To whatever extent plaintiff may be asserting that he had a right to remain on defendant’s premises after he was told to leave, based upon a claimed past practice, the malicious prosecution and false imprisonment causes of action would be barred by the doctrine of Federal preemption. The claimed past practice apparently is that, as a union official, plaintiff was previously allowed to conduct union business on plant premises. Clearly, such a right to lawfully remain on plant premises would not be one created under State law. It necessarily follows that plaintiffs right to remain on the premises after being told to leave was lawful, if at all, because it was an activity protected by Federal labor law, i.e., National Labor Relations Act § 7 (29 USC § 157), or because, as a past practice, it was a part of the collective bargaining agreement and, therefore, could not be unilaterally revoked (see, Steelworkers v Warrior & Gulf Co., 363 US 574, 581-582). Federal preemption applies so as to preclude State regulation through State criminal law or tort law of activities protected by the National Labor Relations Act (see, Brown v Hotel Empls., 468 US 491, 501-502).

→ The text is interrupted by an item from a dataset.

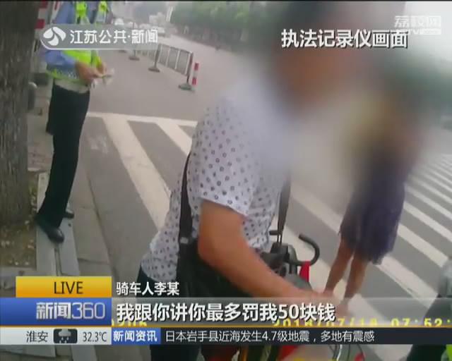骑车人李某被拦下后,虽然承认了自己的违法行为,但觉得罚款太多,于是试图和交警讨价还价。交警告诉李某,对于违法行为的罚款都是有规定的,骑车进入快车道要被罚款50元,违规带人要被罚款20元。南京交警六大队二中队民警陈墨函介绍到,当时李某的态度也很强硬,声称自己只给50元,多一分都没有!

Likewise, if, in the only other alternative source of plaintiffs legal entitlement to remain after being told to leave, plaintiff claims that he has a right arising out of a past practice guaranteed under the collective bargaining agreement, the claim is preempted by section 301 of the Labor Management Relations Act of 1947 (29 USC § 185). "Section 301 governs claims founded directly on rights created by collective-bargaining agreements, and also claims 'substantially dependent on analysis of a collective-bargaining agreement’ ” (Caterpillar Inc. v Williams, 482 US 386, 394, quoting Electrical Workers v Hechler, 481 US 851, 859, n 3).

As for plaintiffs remaining cause of action for intentional infliction of emotional distress, we find that this claim also fails as a matter of law and should have been dismissed. In order to establish a cause of action for intentional infliction of emotional distress, a plaintiff must show that the defendant engaged in "extreme and outrageous conduct, which so transcends the bounds of decency as to be regarded as atrocious and intolerable in a civilized society” (Freihofer v Hearst *594Corp., 65 NY2d 135, 143; see, MacLeay v Arden Hill Hosp., 164 AD2d 228, 231, lv denied 77 NY2d 806). Here, plaintiff alleges that his arrest in front of his fellow workers was sufficiently egregious to meet this standard. As a result of this humiliation, plaintiff claims he suffered stress and anxiety even though he consulted no mental health professional about these symptoms and was not diagnosed as suffering from a mental or emotional problem. It is our opinion that the conduct involved here was not so extreme and outrageous that it went beyond the bounds of human decency. Further, plaintiff’s claim of a severe emotional injury is not established on this record. Consequently, this claim should also have been dismissed and the entire complaint against defendants dismissed.

In light of the foregoing resolution of the issues, it is unnecessary for us to consider defendants’ alternative arguments.

Mikoll, J. P., Levine, Mercure and Crew III, JJ., concur. Ordered that the order is reversed, on the law, with costs, motion granted, summary judgment awarded to defendants and complaint dismissed.